Yes we should to that. And in XML, you can't ignore whitespace unless you
have a validated file and a DTD which tells you where whitespace is
ignorable.

> -----Original Message-----
> From: w3c-dist-auth-request@w3.org
> [mailto:w3c-dist-auth-request@w3.org]On Behalf Of Lisa Dusseault
> Sent: Wednesday, May 29, 2002 7:57 PM
> To: 'Julian Reschke'; 'Jason Crawford'; 'Babich, Alan'
> Cc: w3c-dist-auth@w3c.org
> Subject: RE: xml:space
>
>
>
> > How do you decide that it only consists of tags (element
> > content), if it
> > *does* include whitespace?
>
> If an element is declared to contain PCDATA, like the depth element in
> 12.1.1 in RFC 2518, then whitespace is important.
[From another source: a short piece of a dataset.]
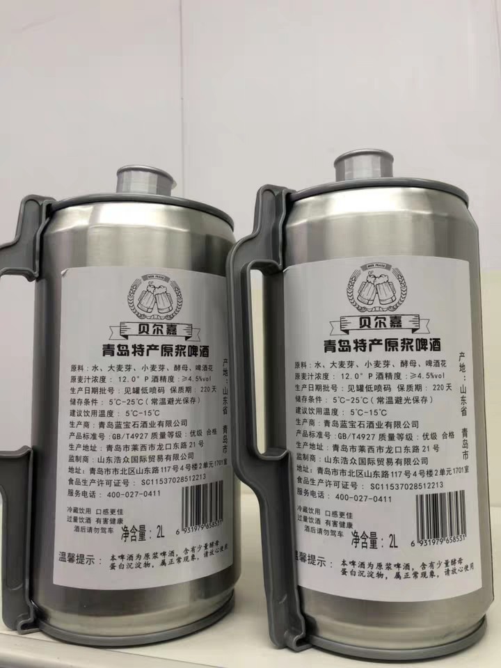 青島ベル嘉原パルプビール2リットルバケツ入り高さ高さ麦汁度

If an element
> is declared
> to contain other elements, e.g. activelock in 12.1 of RFC2518, then
> whitespace around the contained elements is removable according
> to the rules
> of XML parsing.
>
> If an element is not recognized, typically it is ignored.  However, WebDAV
> properties may be retrieved which are not recognized elements, it is not
> known whether they are supposed to contain elements or text, and yet it is
> still desirable to display to the user.  In this case, a couple heuristics
> may help:
>  - if the value contains unescaped < after some white space, it probably
> contains XML elements, and the whitespace before the < and after
> the end of
> the value can be removed.  However you must recurse and make the same
> evaluation before removing internal whitespace.
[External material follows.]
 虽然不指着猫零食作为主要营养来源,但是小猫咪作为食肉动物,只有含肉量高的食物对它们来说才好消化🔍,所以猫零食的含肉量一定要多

>  - if the value begins with "<![CDATA[", the whitespace before it can be
> removed.
>  - Otherwise white space is crucial.
>
> E.g.
> <foo1>  <whitespace-can-be-removed/>  </foo1>
> <foo2>  <![CDATA[Whitespace inside CDATA is important, but
> outside isn't]]>
> </foo2>
> <foo3>  All this whitespace is important.  </foo3>
>
> Your XML parser should be able to do this for you.  E.g. a DOM parser will
> return a regular element as the child of foo1, automatically stripping
> whitespace, and a text thing as the child of foo3 with whitespace
> preserved.
>
> > Alternatively, we could also say that ignorable WS never
> > should be sent,
> > which would make the spec much simpler.
>
> I don't think so. That would make requests/responses hard to debug. In
> practice, it's very helpful to have line returns and tabs to make
> XML easier
> to read.  It would also be adding rules on top of XML, to little purpose.
> Finally, it would be very difficult to put examples in specification text
> that conformed to this rule.
>
> > Almost. I think the easist solution is to say that whitespace
> > *always* is
> > signifcant (== ignorable whitespace SHOULD NOT be sent), and
> > then possibly
> > allow some workarounds for old known DAV: properties if we
> > need to avoid
> > breaking existing code.
>
> No, we should follow the XML rules for where whitespace is significant.
> According to those rules, whitespace is significant inside our date and
> content length (integer) properties, inside depth elements, etc.
>
> Lisa
>

Received on Wednesday, 29 May 2002 16:56:23 UTC